For users on the go, the Q3’s built-in battery (good for about eight hours) means you won’t need to drain the power on whatever you’re plugging it into. It also means mobile users won’t need a dreaded second cable. Throw in support for three different size headphone jacks (sadly, ¼-inch isn’t one of them) and you have a DAC that will serve you souped-up sounds wherever you are and whatever you’re listening to.

There isn’t a display, which you might expect for something this size, but there is an LED that changes color when you’re listening to something higher than 48kHz, so you can tell which tracks in your streaming service’s library really are higher-res. The dedicated volume control doubles as a power knob and there’s also a “bass boost” switch just like the good old days. On top of the USB-C input, there’s also the option for analog audio sources via the 3.5mm port.

Even if you’re not listening to high sample rate music, the Q3 sounds fantastic. The difference in volume, punch and dynamic range that comes through in songs that sounded flat and dense when listening directly through a phone or laptop was remarkable. Throw in support for all the hertz and bit-depths that you’ll likely ever need and what’s not to like? Especially as the Q3 comes in cheaper than some of the less capable options in this guide (the slight extra heft will be a key factor here).

Best for high resolution / fans of Tidal: iFi Hip Dac

If this were a spec race, it’d be a photo finish between Fiio’s Q3 and iFi’s Hip Dac. Like the Q3, the Hip Dac blows right past support for 192kHz right up to 384kHz. It also offers balanced output via 4.4mm headphones which is rare to find on consumer headphones, but some higher-end cans offer it for those who want to eliminate any potential interference. There’s also an internal battery, bass boost and a very similar form-factor to the Q3.

For anyone interested in either of these two it might come down to a single feature. Be that the highest sample rate it can support (Q3 wins) or its ability to decode Tidal’s MQA files (in which case, you want the Hip Dac).

The sound out of this thing takes on the Q3 blow for blow and even the same knurled volume control is here. But let’s be honest, the fact it looks like (and was named after) a hip flask is clearly also a major selling point. Though it's worth mentioning the Hip Dac takes a female USB cable, supplied in the box. But this does mean you'll need to use the Camera Kit to get into the iPhone, whereas the Q3 works with one single provided cable.

Regardless, it’s another robust option that will more than cover most bases for most people. As with the Q3, the internal battery means you won’t need to feed it power while in use (estimated eight hours) and connecting it to your phone or computer is the same; as long as you can pipe a USB cable into it, you’re good to go.

Best for desktop warriors: Focusrite Scarlett 2i2

Only looking for a desktop DAC? Then a good old fashioned audio interface might be the best choice for you. Focusrite’s Scarlett series has near-legendary status at this point and an eye-wateringly high review ratio on Amazon for a good reason: It does what it does very very well.

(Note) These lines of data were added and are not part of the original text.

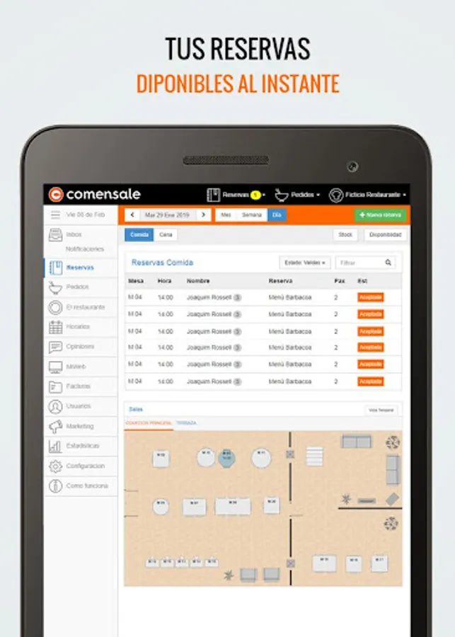 Comensale is the definitive software to manage your restaurant. It allows you to manage your restaurant in a unified way, grouping all your services in a single software (rooms, website, reservations, orders ...)
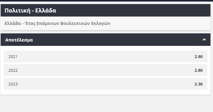Σημειώστε τέλος ότι ακόμη και τα… στοιχήματα δίνουν πλέον ως πιο πιθανή τη προσφυγή στις κάλπες τη νέα χρονιά. Όπως καταγράφει το trikalavoice.gr στη Novibet “έπαιζε” 1 προς 4 πριν από ένα μήνα το 2021 ως έτος εκλογών, ενώ τώρα έπεσε στο… 2,80. Αξίζει η παρατήρηση.
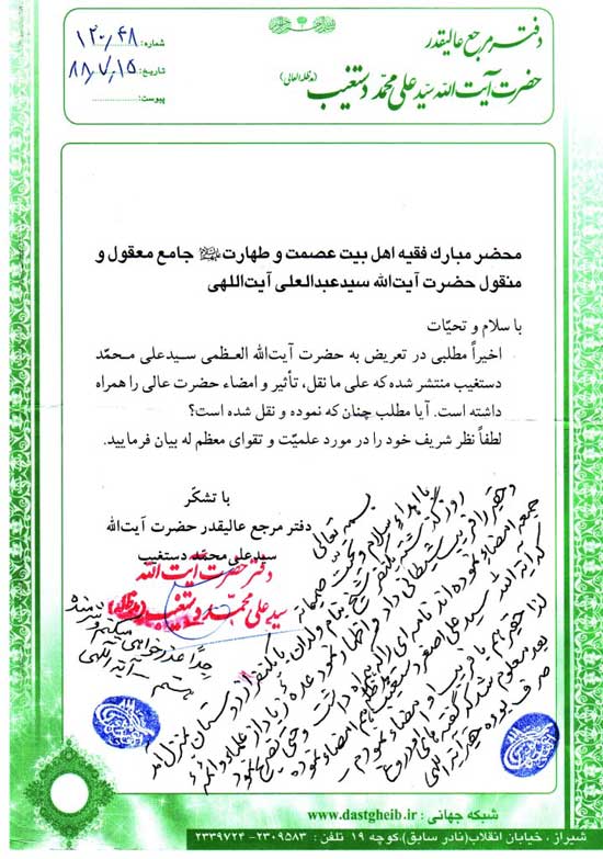 آيتالله سيد علياصغر دستغيب مدظله هم امضا نموده، لذا حقير هم با
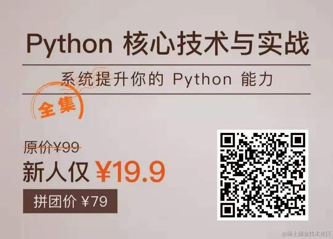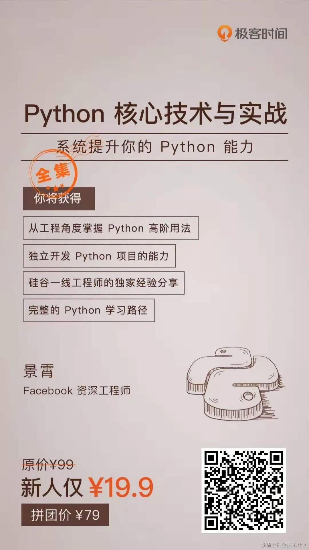 为了系统地帮大家提升 Python 实战编程能力,迅速从初学者进阶为优秀的 Python 工程师,我联合极客时间开设了一个专栏 《Python 核心技术与实战》。
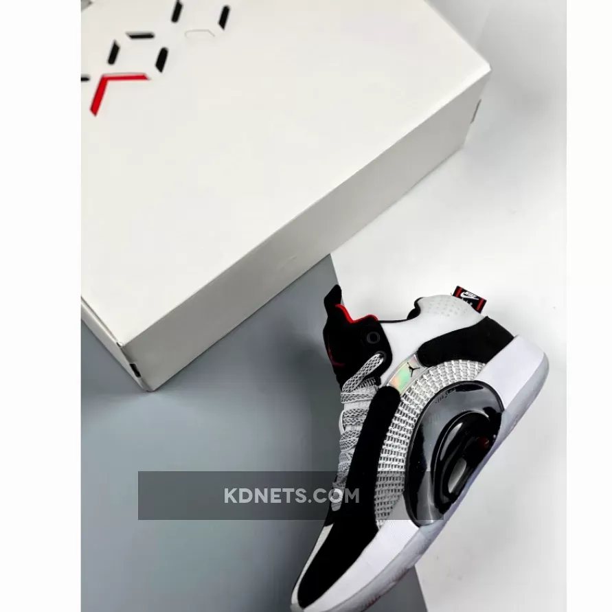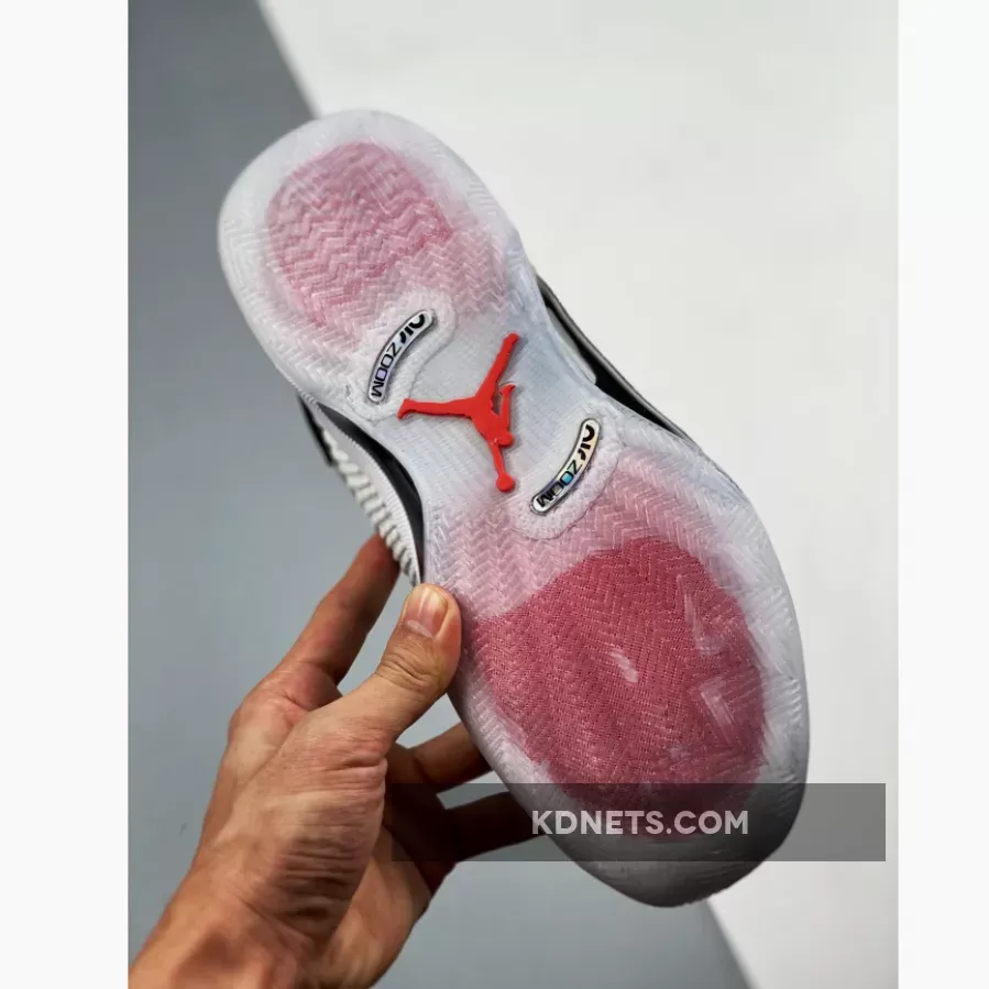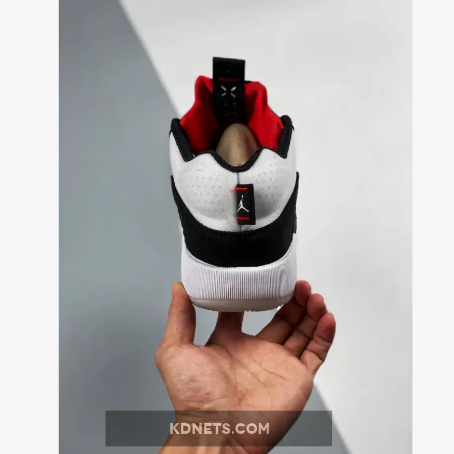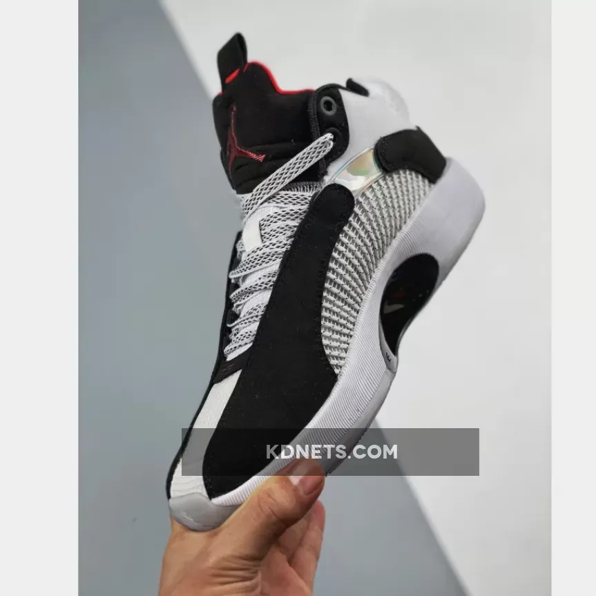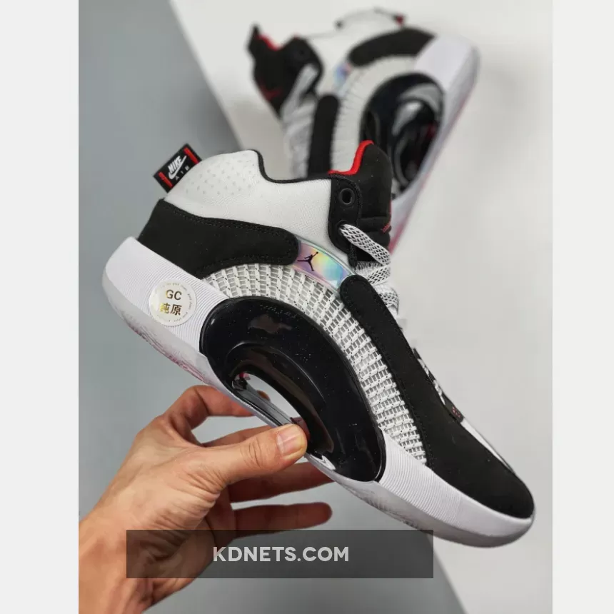 Dressed in a White, Black, and Fire Red color scheme. This Air Jordan 35 features a White upper with Black nubuck overlays.
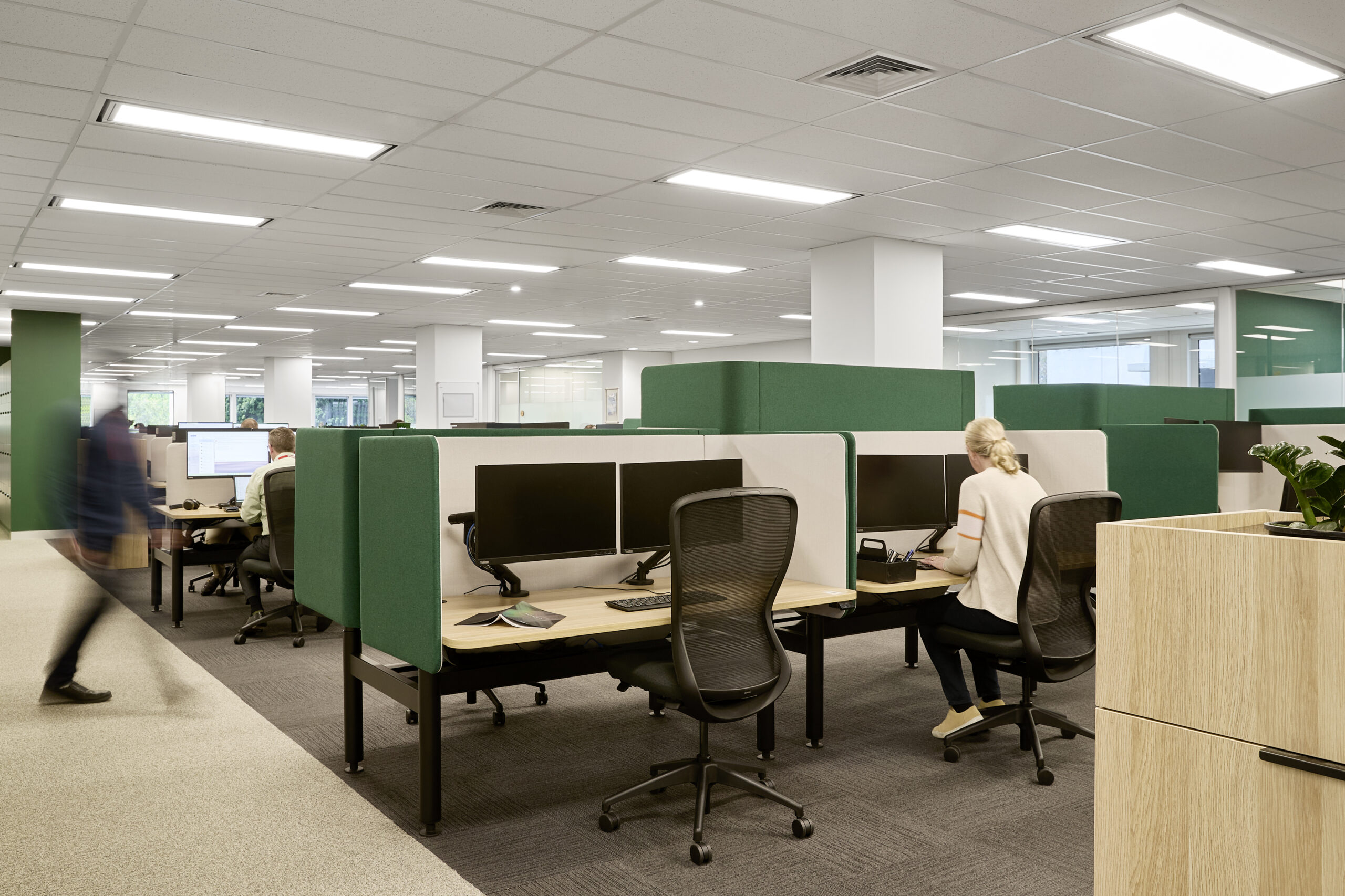 The new workplace brings together a sustainable approach to re purposing existing elements where practical, overlayed with a new warmer base. juxtaposed with bold colour accents and graphics to key focal areas to represent the energy of the new brand.

Most current laptops and desktops can probably handle at least 96kHz audio, but with the Scarlett you can be sure you are getting the full 192kHz when available and the dedicated audio processors and headphone amps will do a much better job of it.

The main benefit here is the general upgrade you will be giving to your PC. Not only will your listening experience be enhanced, but you’ll be able to plug in microphones and instruments if streaming or recording are your thing, all in one device and all for about the same price as some of the more mobile-oriented devices on this list.